Mais ensuite l'auteur en vient à des commentaires beaucoup plus sérieux, et bien sûr plus valorisants pour l'oeuvre de notre artiste.


Bénédiction de deux nouveaux tableaux à Landerneau (Semaine Religieuse du 14/10/1892)

Il nous semble qu'un peu plus d'un an s'est écoulé depuis que Monseigneur Lamarche bénissait dans l'église de Saint-Houardon, sept tableaux où M. Yan' Dargent a représenté le sauveur dans sa gloire, entouré des anges, des apôtres, des évangélistes et des docteurs. La Semaine Religieuse parla de cette grande oeuvre, et peu après le journal l'Univers publia un article très remarqué où se trouve la note vraie sur le travail de l'artiste breton.

Les habitants de Landerneau n'ont pas cru avoir fait assez en donnant un tel embellissement au choeur de leur église ; M. Fleury, qui depuis douze ans s'est vu confier le soin de diriger cette paroisse, n'a point reculé devant une telle entreprise, et le résultat obtenu par lui, dit assez qu'il n'avait pas trop présumé de la générosité de ses fidèles. La décoration de la nef est commencée ; elle s'achèvera.

 1 

Le tableau du côté de l'Epître représente le choeur des martyrs :

Saint Etienne ouvre la marche, portant d'une main un encensoir, et de l'autre une des pierres instruments de son supplice.

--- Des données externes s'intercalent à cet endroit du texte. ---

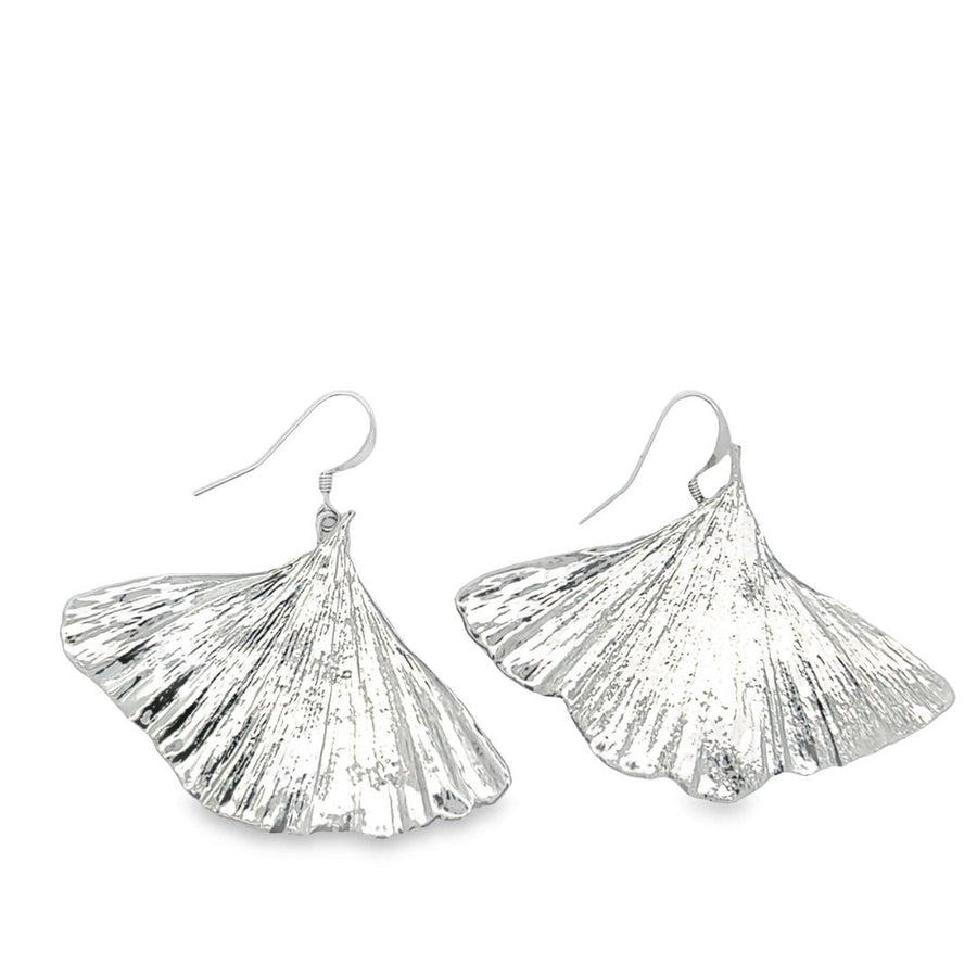 Ginkgo Ohrhänger, Echtblatt, rhodiniert
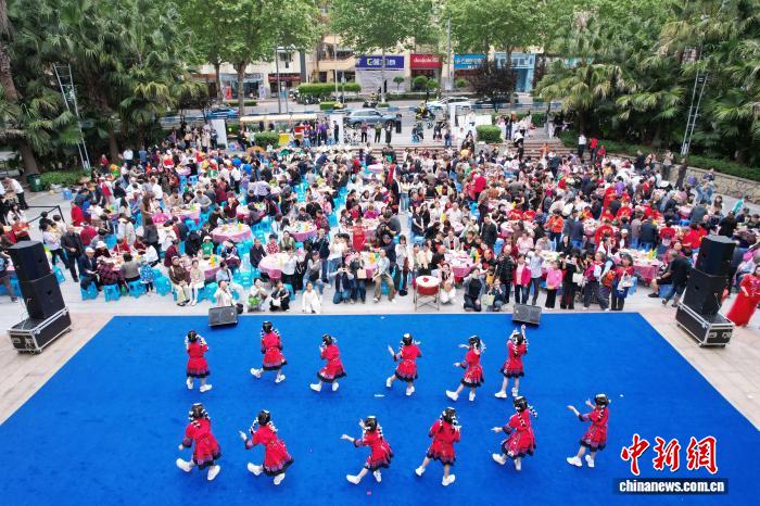 图为百家宴现场,居民边品尝美食边看文艺演出。陈鑫 摄 图为百家宴现场,居民围坐品尝美食。陈鑫 摄
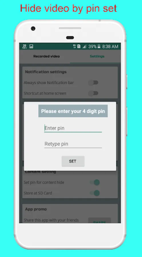 ------ Can choose to hide recorded video content, by setting some access PIN.

A côté de lui, et un peu en avant, bien que sur l'arrière-plan, figure le diacre saint Laurent sur son gril. Cette représentation d'un saint dans le supplice même, ne cadre pas précisément avec le caractère général d'une oeuvre qui a pour but de représenter le ciel avec les saints dans la gloire.

Après saint Etienne, vient saint Eleuthère, diacre de saint Denys et son compagnon dans le martyre ; puis saint Vincent, diacre de Saragosse ; comme patron des vignerons, il porte une grappe de raisins ; à ses pieds est un loup qu'attaque vigoureusement un corbeau. Après le supplice de cet illustre martyr, son corps étant resté exposé à la rapacité des loups, un corbeau défendit contre les fauves ces restes précieux.

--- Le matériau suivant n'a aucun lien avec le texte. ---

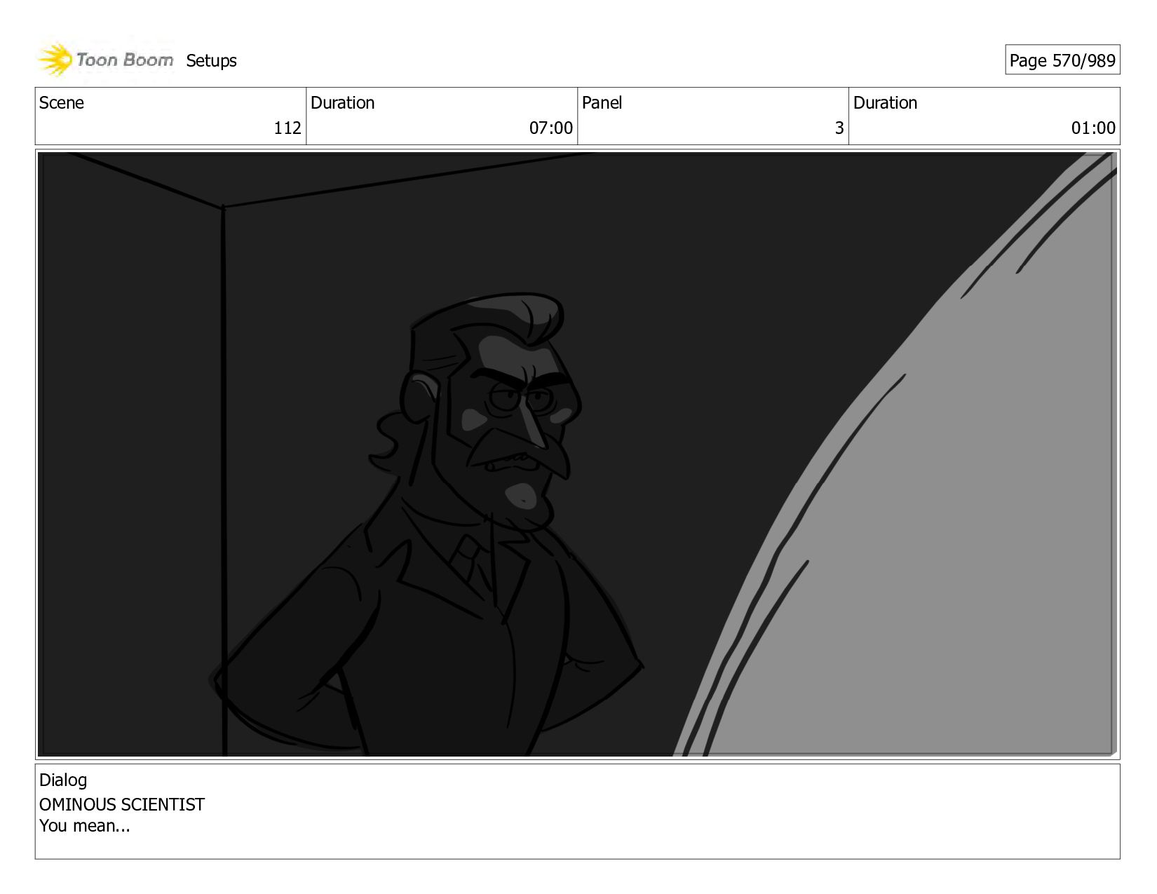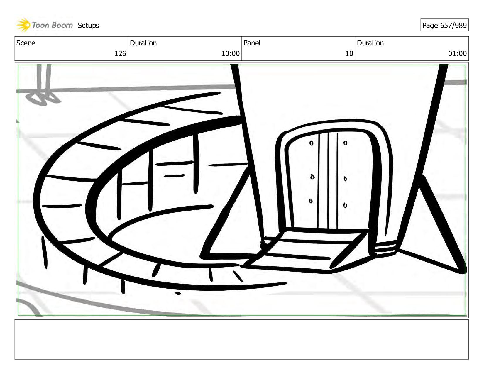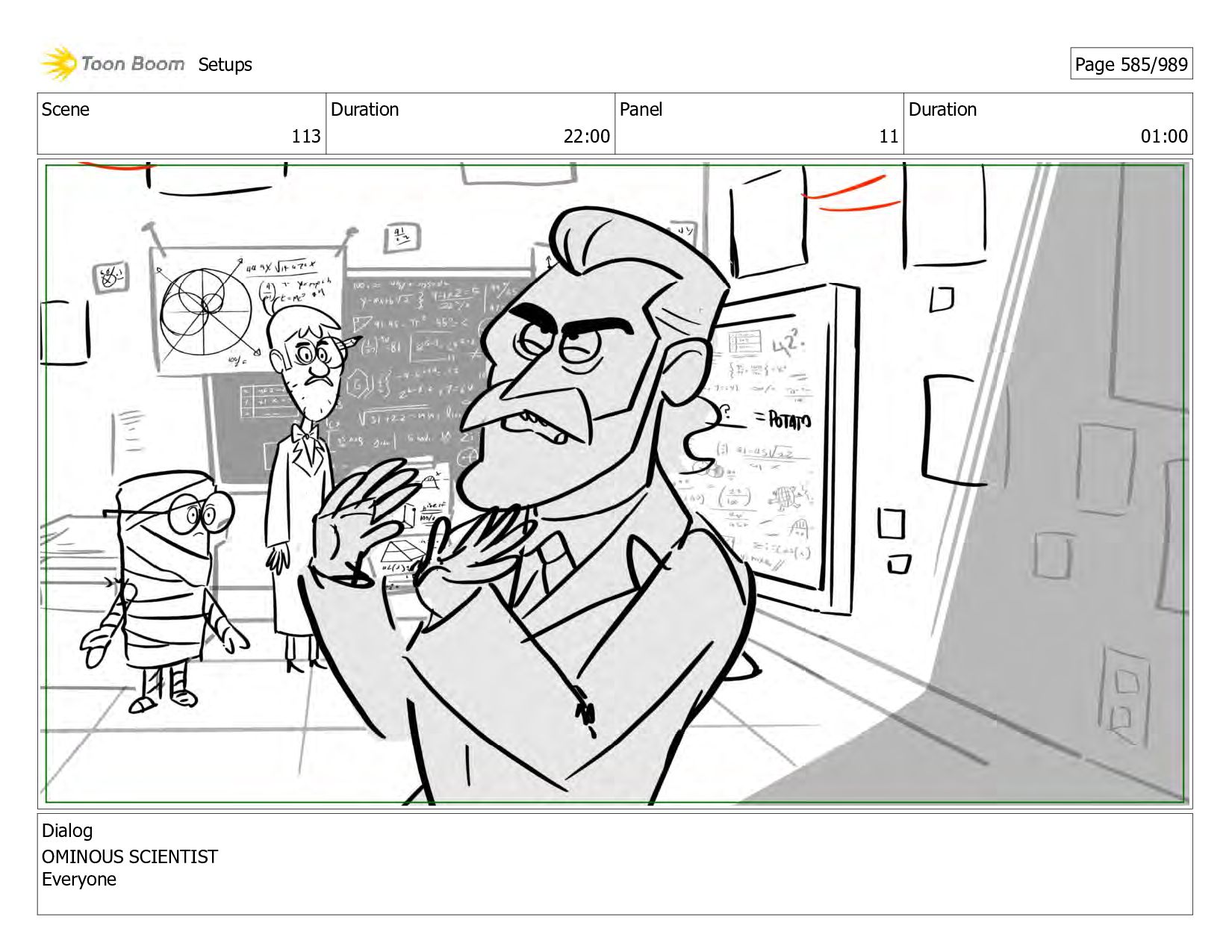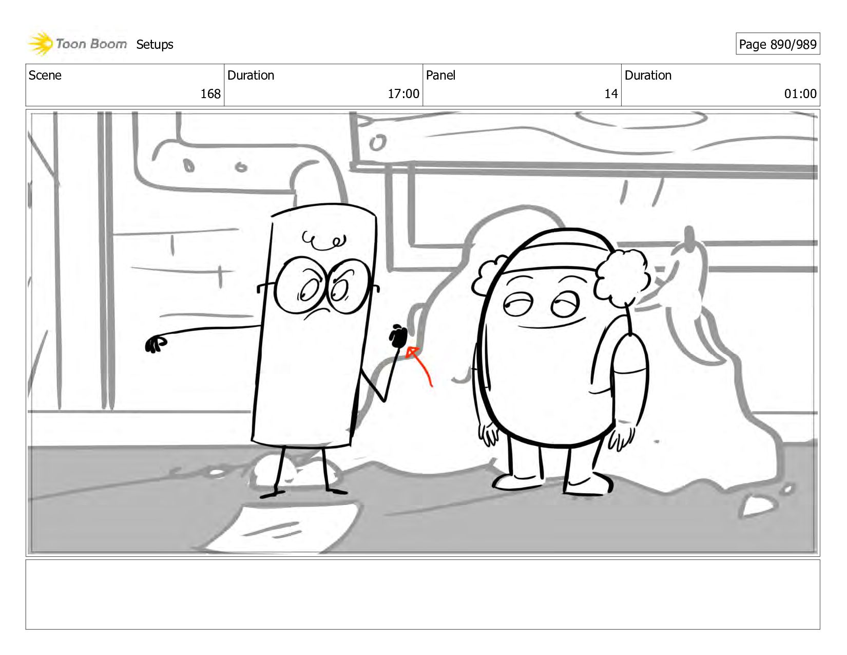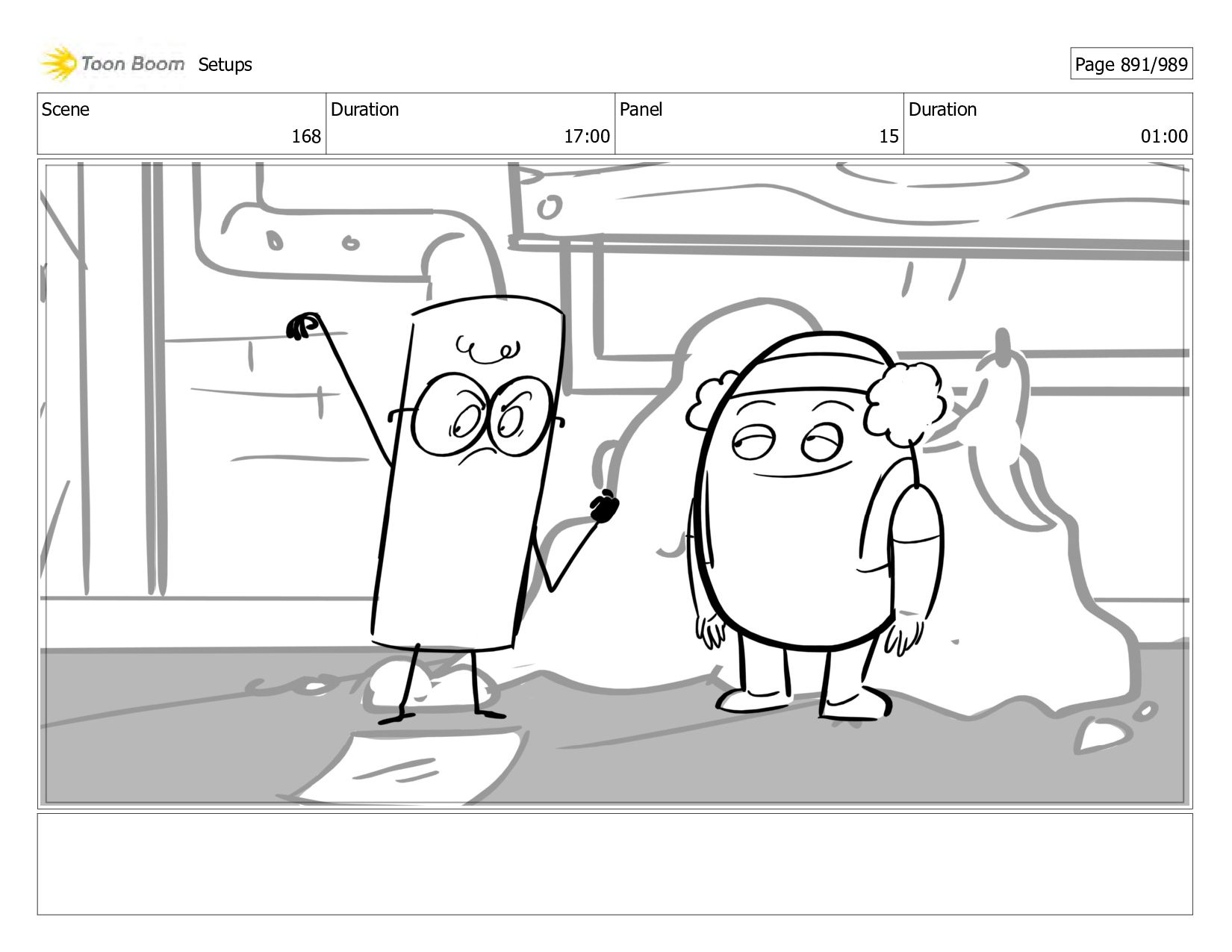 Scene 189 Duration 03:00 Panel 1 Duration 01:00 Setups Page

A la suite de ce groupe des quatre diacres martyrs, vient saint Denys l'Aréopagite, d'abord évêque d'Athènes, puis de Paris ; il porte sa tête entre ses mains, et cette représentation a un grand air de noblesse.

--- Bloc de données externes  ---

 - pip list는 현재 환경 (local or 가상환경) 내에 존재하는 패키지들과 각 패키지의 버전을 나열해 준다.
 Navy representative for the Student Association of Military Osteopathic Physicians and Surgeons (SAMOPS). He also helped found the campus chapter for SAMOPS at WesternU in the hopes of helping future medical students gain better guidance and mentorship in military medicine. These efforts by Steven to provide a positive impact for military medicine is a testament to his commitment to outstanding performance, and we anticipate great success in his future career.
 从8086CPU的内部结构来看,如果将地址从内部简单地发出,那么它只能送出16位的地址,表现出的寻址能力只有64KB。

A côté de saint Denys, se voit saint Irénée, évêque de Lyon, formé à l'école de saint Polycarpe, qui lui-même avait été disciple de l'apôtre saint Jean. Viennent ensuite les Enfants Nantais. Saint Donatien montre le ciel à son frère Rogatien et le console en lui disant que le martyre lui tiendra lieu de baptême.

La tête de saint Théodore apparaît derrière le groupe des deux jeunes martyrs bretons. Inutile de rappeler que saint Théodore était soldat.

Saint Pancrace, vêtu de la robe des jeunes romains est à côté de saint Sébastien ; le soldat appuie la main sur l'épaule de son ami. On sait quelle intimité le cardinal Wiseman a prêtée à ces deux martyrs dans son admirable livre sur "l'Eglise des Catacombes".

Saint Maurice porte sa riche armure de chef de la légion Thébaine.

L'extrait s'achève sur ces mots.